It is easy to put the blame on the frailty of – and the defects in – the Greek character (or in the character of the “PIIGS”) – it brings votes after all – yet someone should have the honesty to accept that the primary reason these countries needed to borrow was to cover the increasing divergence in competitiveness caused exactly by the structural flaws of the euro. Does any honest person really believe that with “budget discipline” alone, Europe’s periphery will suddenly converge with Europe’s core? The euro, as it is currently structured, leads to a spiral of divergence and the need to borrow is deeply embedded in its lack of this surplus recycling mechanism. For as long as such a mechanism is not put in place, no budget discipline, no matter how effectively it is implemented, will ever bring the constituent economies of the euro closer.
The rhetoric of certain European politicians could be reversed and applied to a national level to see if it would make any sense. It is as if asking for East Germany to be as productive as the West or for certain Landers to be as productive as Bavaria, only by means of budget discipline. Like asking for Newcastle to be as robust as London and so on. The euro area needs to act like all states do, where they take the surpluses and productively redistribute them so that balanced growth is achieved and the state does not fall apart.

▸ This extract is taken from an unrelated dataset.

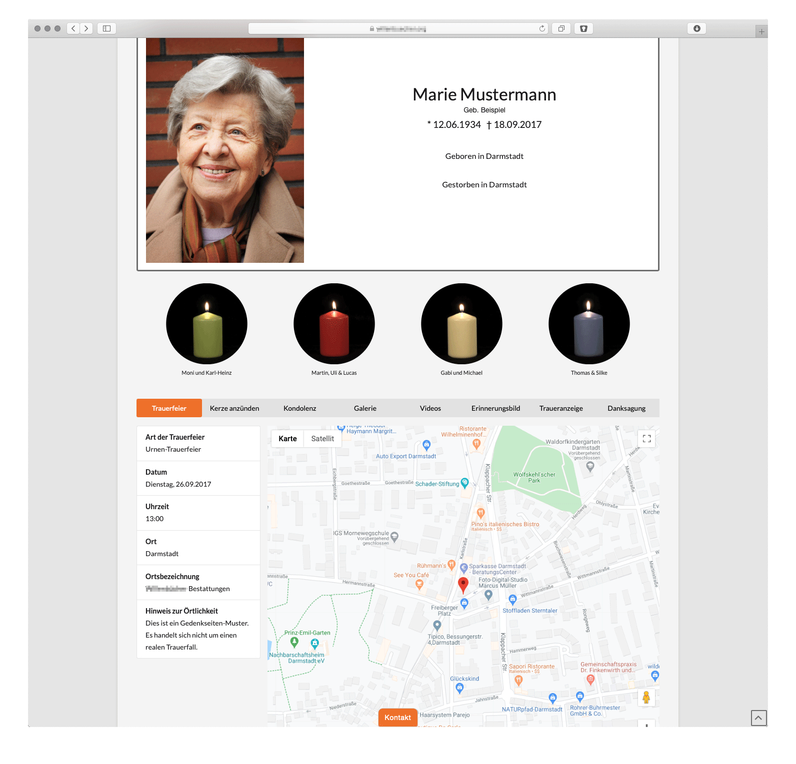Ein Klick auf 1 „Gedenkseiten“ öffnet eine Übersicht, die die aktuellen Seiten inklusive der dazugehörigen 2 Kerzen und 3 Kondolenzeinträge zeigt. Ein Klick auf die Pfeile am linken Rand erweitert gegebenenfalls die Darstellung.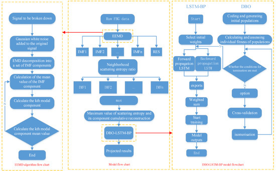 33] combined with EEMD to construct a denoising algorithm model. The DE algorithm is used to filter the effective IMF components from the EEMD decomposed IMF components, eliminating the components with a high noise ratio, and reconstructing a signal with high fidelity. Subsequently, singular value decomposition (SVD) is employed for secondary noise reduction, laying the groundwork for subsequent optical fiber grating sensing prediction studies of section coal pillar deformation. This study aims to optimize the long short-term memory neural network with the dung beetle optimization (DBO) algorithm to construct a deformation prediction model for section coal pillars. It aims to achieve the real-time monitoring and prediction of section coal pillar deformation under shallow-buried close-distance residual oblique coal pillars, improving the safety factor of underground face mining, and providing guidance for roadway support and decision-making.

The austerity obsession that plagues Europe, which is found upon the completely false idea that the crisis is caused by excessive public spending, is self-defeating since it fails to see the real problems. Without any means of producing growth and of achieving a balance among the constituent economies of the euro, all that austerity and “budget discipline” will achieve is to cement the exponentially increasing divergence among the economies of the euro. This is simply not viable and for as long as Europe’s leaders cling to their much-vaunted policies, things will only get worse for the euro as a whole and for certain countries individually.